## Supplied material

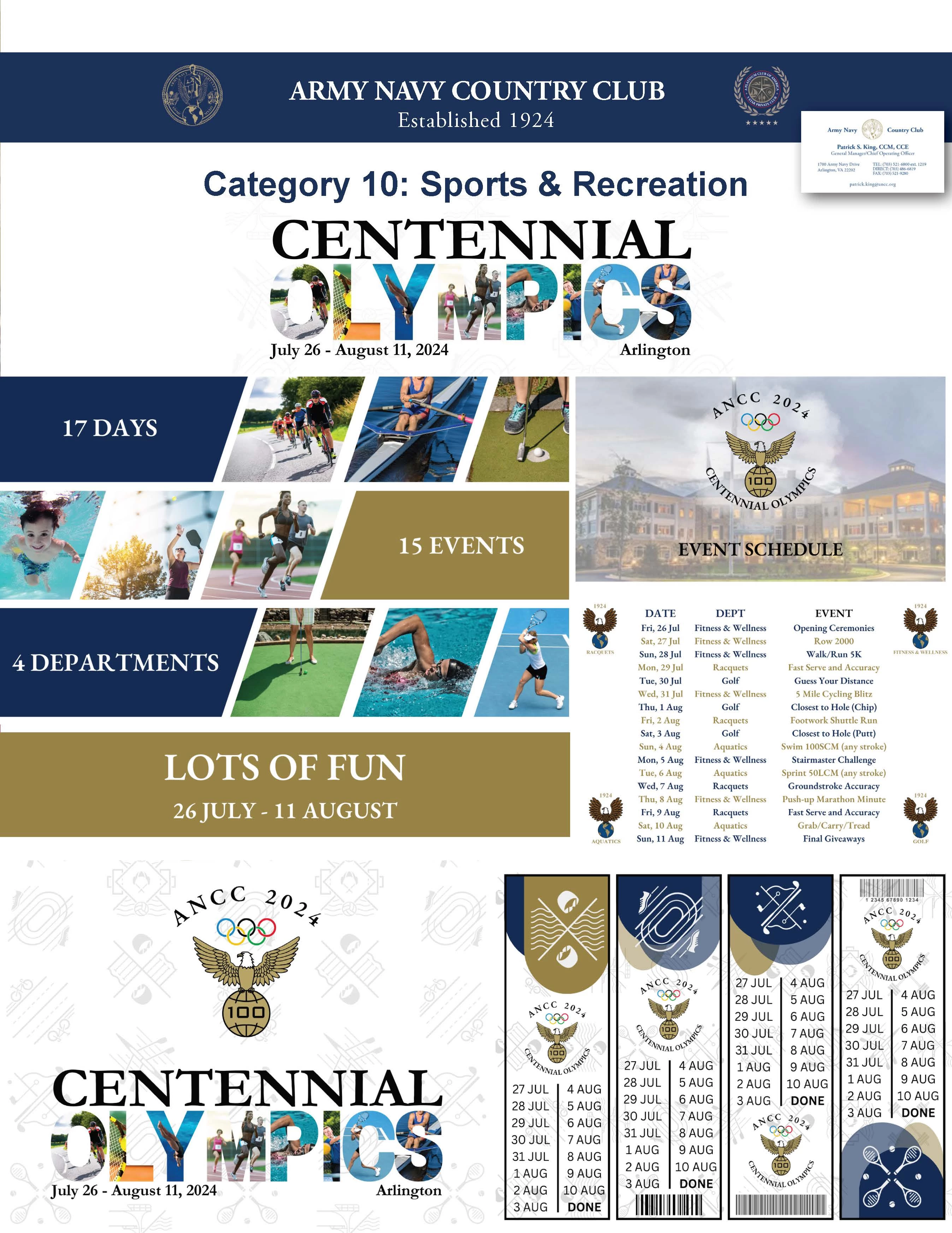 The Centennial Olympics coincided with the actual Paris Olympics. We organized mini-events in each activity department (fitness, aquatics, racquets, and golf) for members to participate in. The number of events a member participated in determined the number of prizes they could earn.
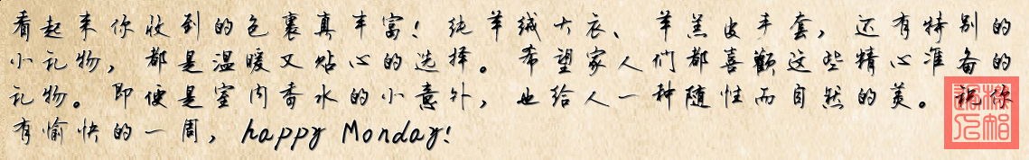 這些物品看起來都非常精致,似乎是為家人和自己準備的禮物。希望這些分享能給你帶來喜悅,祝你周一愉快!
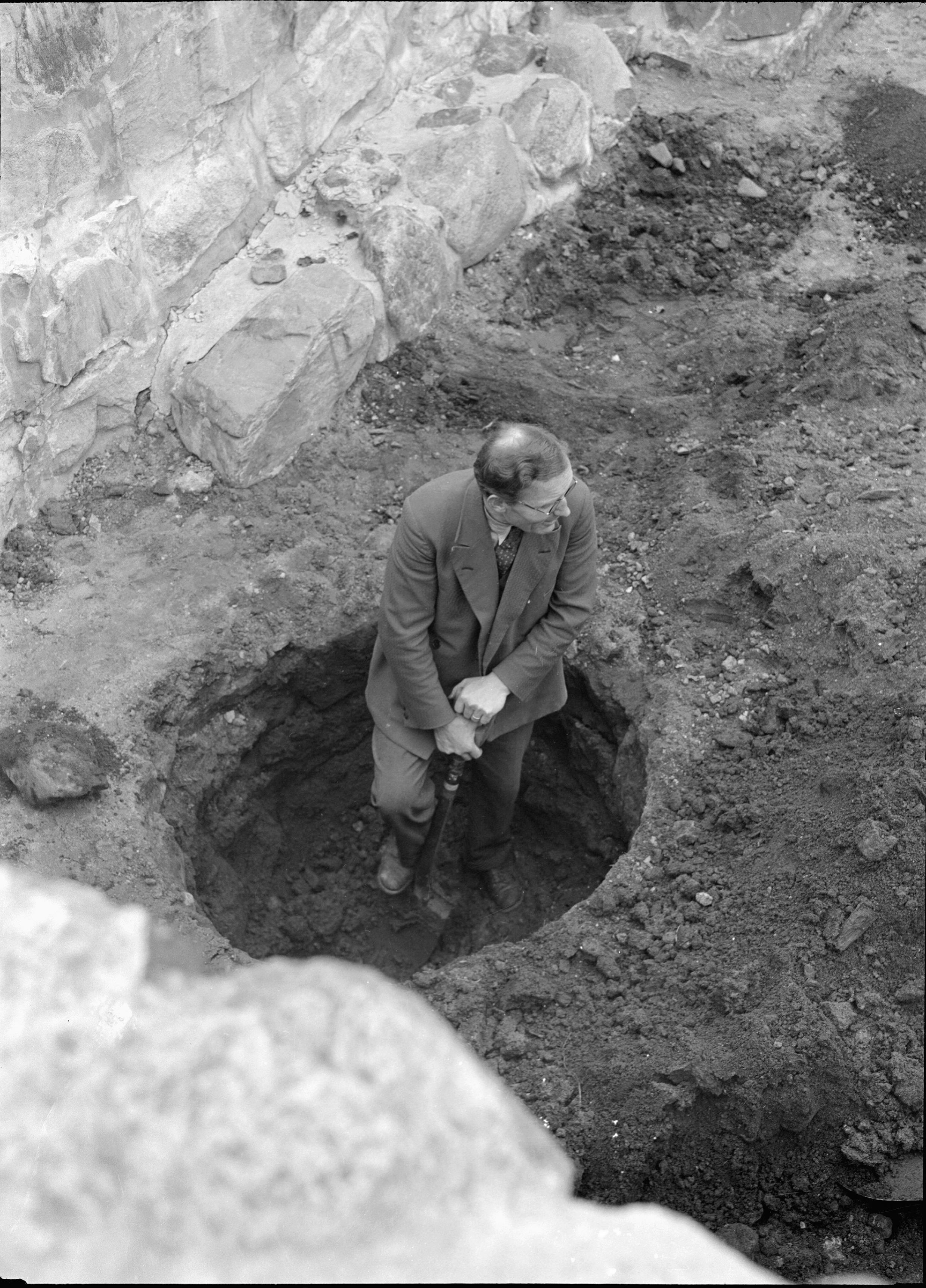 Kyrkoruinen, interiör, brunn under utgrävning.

## Exercise directions
Repeat the data exactly in full, omitting its pictures.

## Answer space
 The Centennial Olympics coincided with the actual Paris Olympics. We organized mini-events in each activity department (fitness, aquatics, racquets, and golf) for members to participate in. The number of events a member participated in determined the number of prizes they could earn.
 這些物品看起來都非常精致,似乎是為家人和自己準備的禮物。希望這些分享能給你帶來喜悅,祝你周一愉快!
 Kyrkoruinen, interiör, brunn under utgrävning.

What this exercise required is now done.